##### Records for this task #####
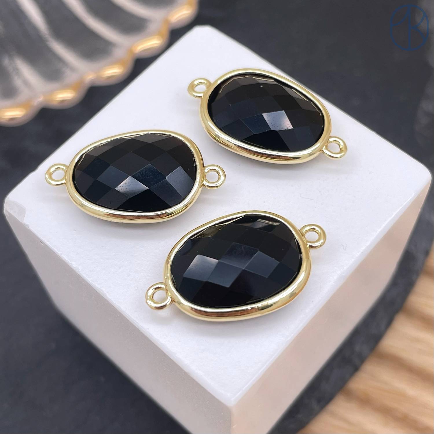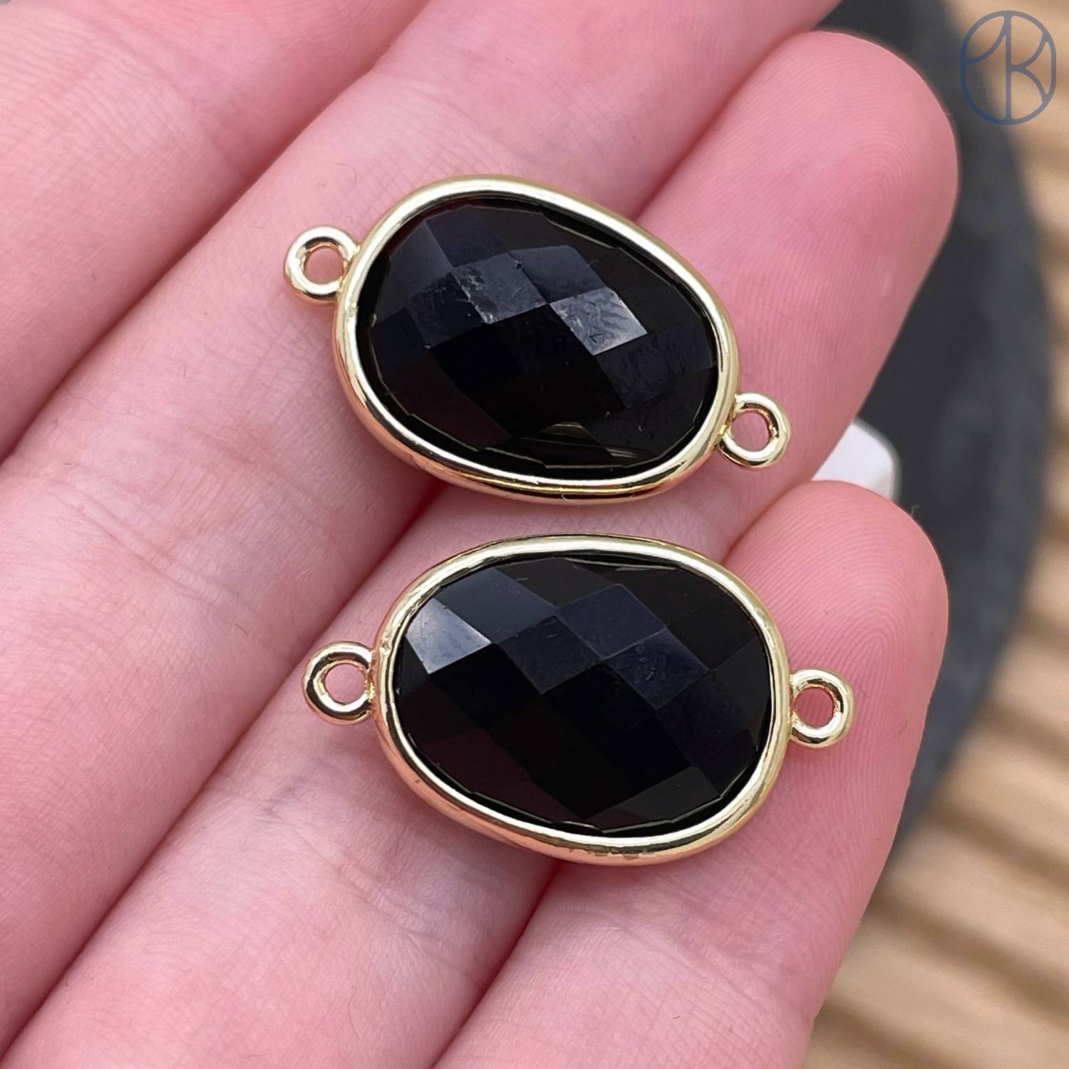 Коннектор овал огранка агат черный, цвет золото ~ 16 мм
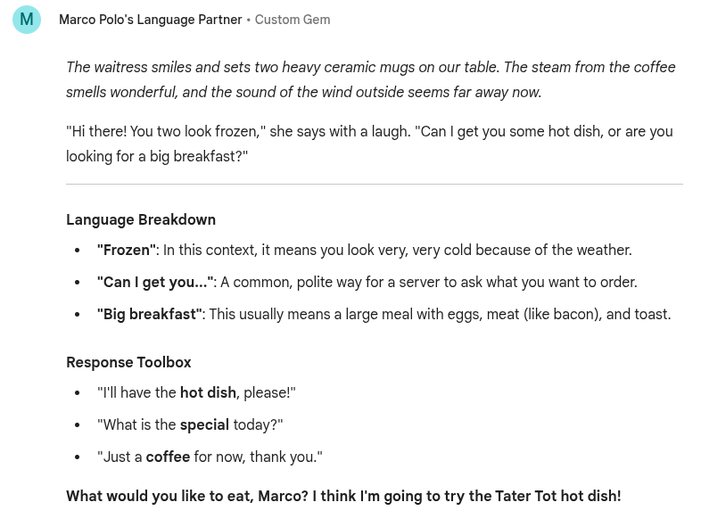 I created a free "gem" called Marco Polo’s Language Partner. With it, you choose the country you want to visit. It is like a text-based game. The storyteller describes the situation, a "local person" talks to you, and then you get an explanation of the language, a set of possible answers, and advice on your last answer.
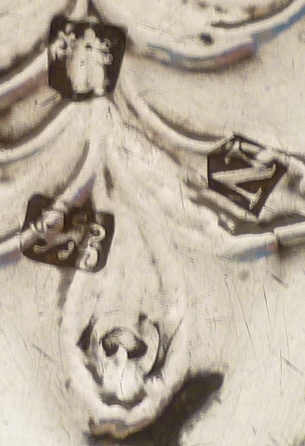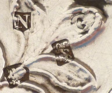 The mark appears to have been struck into a plain bowl which was then embossed before being sent to assay for the rest of the marks. Exactly the correct order of works but the embossing has interrupted the makers mark and all I
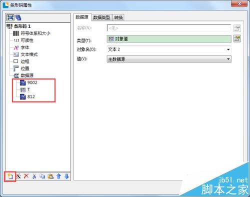 2、雙擊條碼,打開條碼屬性對話框,分別新建數據源9002和812,調整數據源位置。
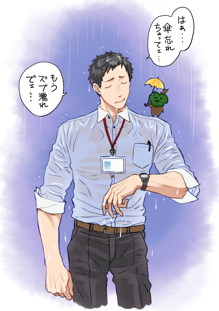 1boy belt belt_buckle black_hair black_pants blue_background blue_shirt breast_pocket brown_belt buckle buttons closed_eyes collared_shirt commentary_request cowboy_shot hand_up holding holding_umbrella id_card korok lanyard male_focus nijisanji nintendo on_shoulder pants parted_lips pen pocket rain raised_eyebrows shirt shirt_tucked_in short_hair three-quarter_sleeves solo speech_bubble standing succo_gura the_legend_of_zelda translation_request umbrella very_short_hair virtual_youtuber watch wet wet_clothes wet_shirt white_background wing_collar wristwatch yashiro_kizuku yashiro_kizuku_(1st_costume) yellow_umbrella
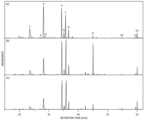 Representative HS-SPME-GC/MS total-ion current (TIC) chromatogram of fresh R. alba flowers: (a) Petals mix; (b) Whole blossom white; (c) Whole blossom pink. Main components: 1. Benzyl alcohol, 2. cis-Rose oxide, 3. 2-Phenyl ethyl alcohol, 4. trans-Rose oxide, 5. β-Citronellol + Nerol, 6. Z-Citral (Neral), 7. Geraniol, 8. E-Citral (Geranial), 9. trans-β-Caryophyllene, 10. Heptadecane, 11. Nonadecene, 12. Nonadecane.
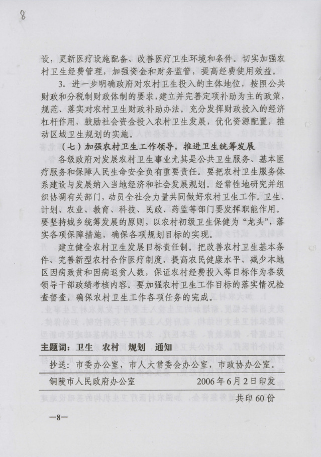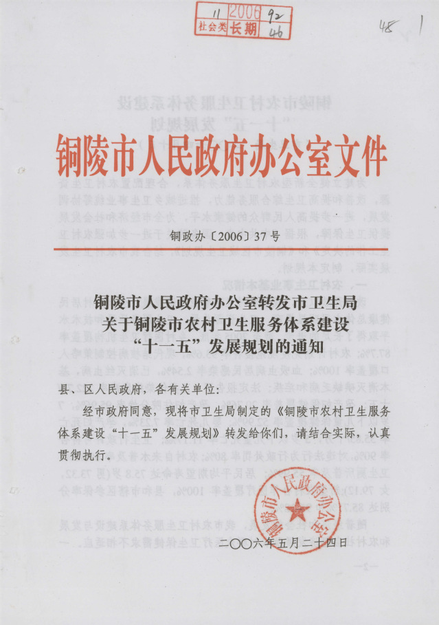 铜陵市农村卫生服务体系建设“十一五”发展规划
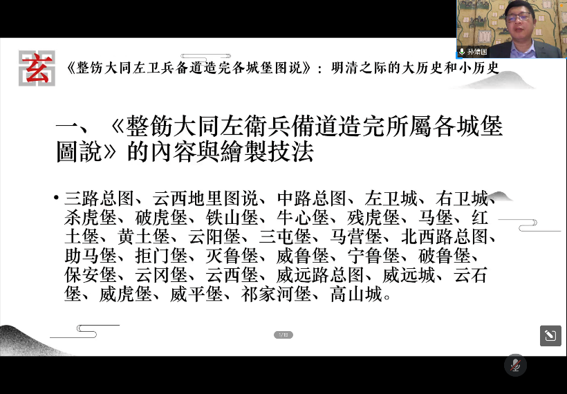 关于《图说》的绘制时间与背景,孙老师根据自身研究成果进行了简要的讲解。基于《图说》中各城堡“定经制”官军原额与顺治六年清政府于宣大二镇“更定经制”员额不同,《图说》中叙及的城堡沿革,大顺政权占领大同,姜瓖投清这些史实,推断此图应绘制于清顺治二年八月之后,顺治五年十二月之前,是大同总兵姜瓖降清之后,清政府派官对大同左卫道所辖城堡的军政建置进行调整所绘。《图说》中所载职官与兵额调整,反映明末屯堡在军事防守、保障交通、促进经济等方面的职能,以及清初在统一长城沿线地区后裁撤冗官、冗兵的原因,是展现明清之际大历史和小历史的鲜活实证。
#####
§ The problem
The line holding "I created a" starts the copy and the line holding "1boy belt belt_buckle" ends it. Repeat those two lines above and all between them exactly, leaving out pictures.

§ Response to this task
 I created a free "gem" called Marco Polo’s Language Partner. With it, you choose the country you want to visit. It is like a text-based game. The storyteller describes the situation, a "local person" talks to you, and then you get an explanation of the language, a set of possible answers, and advice on your last answer.
 The mark appears to have been struck into a plain bowl which was then embossed before being sent to assay for the rest of the marks. Exactly the correct order of works but the embossing has interrupted the makers mark and all I
 2、雙擊條碼,打開條碼屬性對話框,分別新建數據源9002和812,調整數據源位置。
 1boy belt belt_buckle black_hair black_pants blue_background blue_shirt breast_pocket brown_belt buckle buttons closed_eyes collared_shirt commentary_request cowboy_shot hand_up holding holding_umbrella id_card korok lanyard male_focus nijisanji nintendo on_shoulder pants parted_lips pen pocket rain raised_eyebrows shirt shirt_tucked_in short_hair three-quarter_sleeves solo speech_bubble standing succo_gura the_legend_of_zelda translation_request umbrella very_short_hair virtual_youtuber watch wet wet_clothes wet_shirt white_background wing_collar wristwatch yashiro_kizuku yashiro_kizuku_(1st_costume) yellow_umbrella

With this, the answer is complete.